I have a dataframe df
with column 'Batch' and 'Status'. 'Status' has the possible values 'keep' or 'remove'. I want to make a new column 'Status updated', which is 'keep' only if all elements for the same Batch number in 'Status' are 'keep' and 'remove' otherwise.
Batch Status
0 1 keep
1 1 keep
2 1 remove
3 2 keep
4 2 keep
5 2 keep
6 3 remove
7 3 remove
8 3 keep
9 4 remove
10 4 remove
11 4 remove
Desired output looks like:
Batch Status Status updated
0 1 keep remove
1 1 keep remove
2 1 remove remove
3 2 keep keep
4 2 keep keep
5 2 keep keep
6 3 remove remove
7 3 remove remove
8 3 keep remove
9 4 remove remove
10 4 remove remove
11 4 remove remove
CodePudding user response:
You can simply use:
df['updated'] = df.groupby('Batch')['Status'].transform('max')
Take advantage of the fact that "remove" is lexicographically sorted after "keep". If this was the other way around you would use min
instead
output:
Batch Status updated
0 1 keep remove
1 1 keep remove
2 1 remove remove
3 2 keep keep
4 2 keep keep
5 2 keep keep
6 3 remove remove
7 3 remove remove
8 3 keep remove
9 4 remove remove
10 4 remove remove
11 4 remove remove
CodePudding user response:
Solution with test if remove
exist in values, get Batch
values and recreate new column in numpy.where
:
mask = df['Batch'].isin(df.loc[df['Status'].eq('remove'), 'Batch'])

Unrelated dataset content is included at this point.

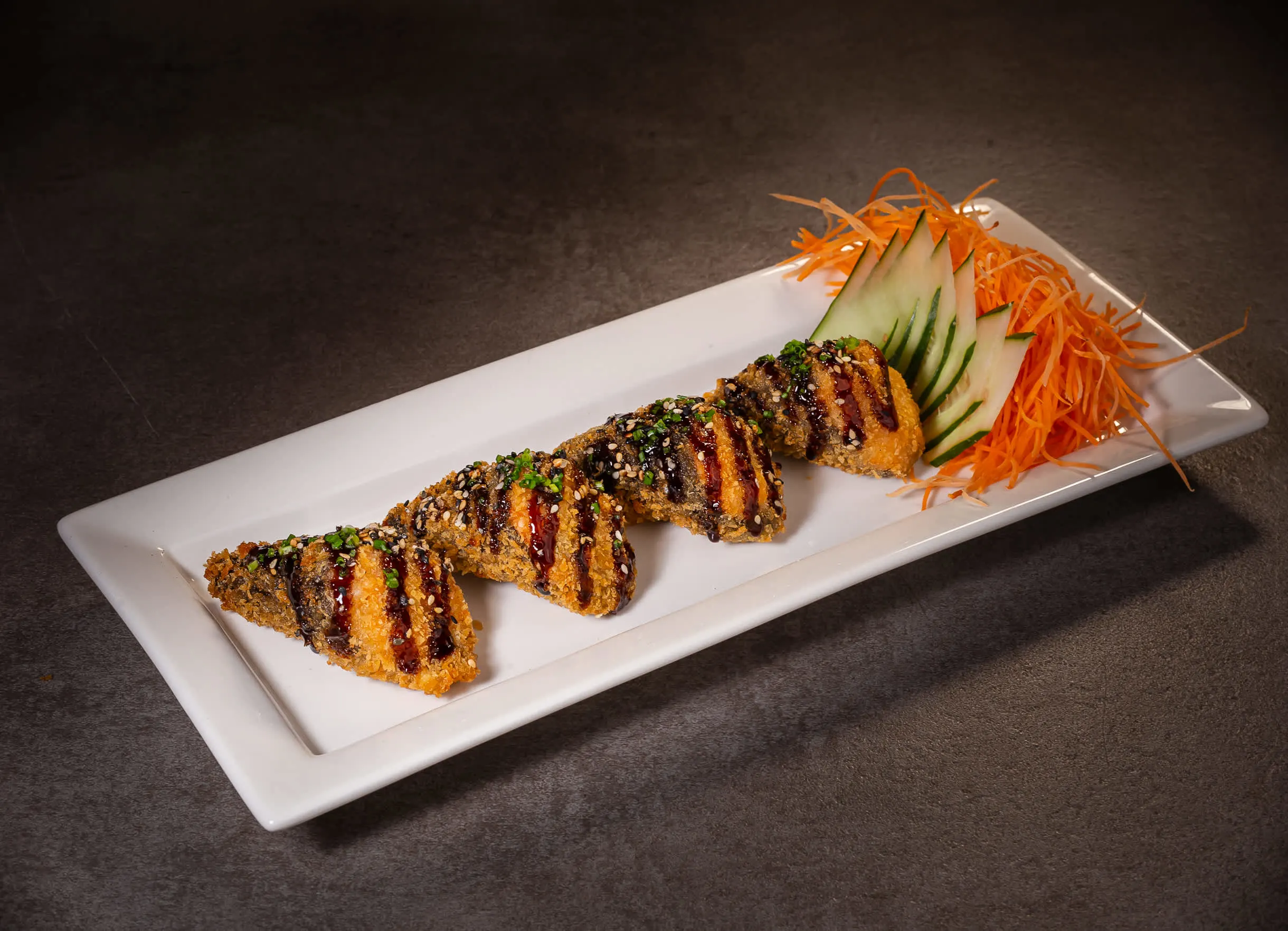 04 cones fritos de alga nori, recheados com arroz, salmão, cream cheese Philadelphia e cebolinha. **contém lactose** **contém glúten**

df['Status updated'] = np.where(mask, 'remove','keep')
print (df)
Batch Status Status updated
0 1 keep remove
1 1 keep remove
2 1 remove remove
3 2 keep keep
4 2 keep keep
5 2 keep keep
6 3 remove remove
7 3 remove remove
8 3 keep remove
9 4 remove remove
10 4 remove remove
11 4 remove remove
Performance: I think bottleneck is using groupby
and maybe max
for non numeric column.
np.random.seed(2022)
N = 1000
df = pd.DataFrame({'Batch':np.random.randint(N // 10, size=N),
'Status':np.random.choice(['remove','keep'], size=N)})
df = df.sort_values('Batch', ignore_index=True)
print (df)
In [91]: %timeit df['updated'] = df.groupby('Batch')['Status'].transform('max')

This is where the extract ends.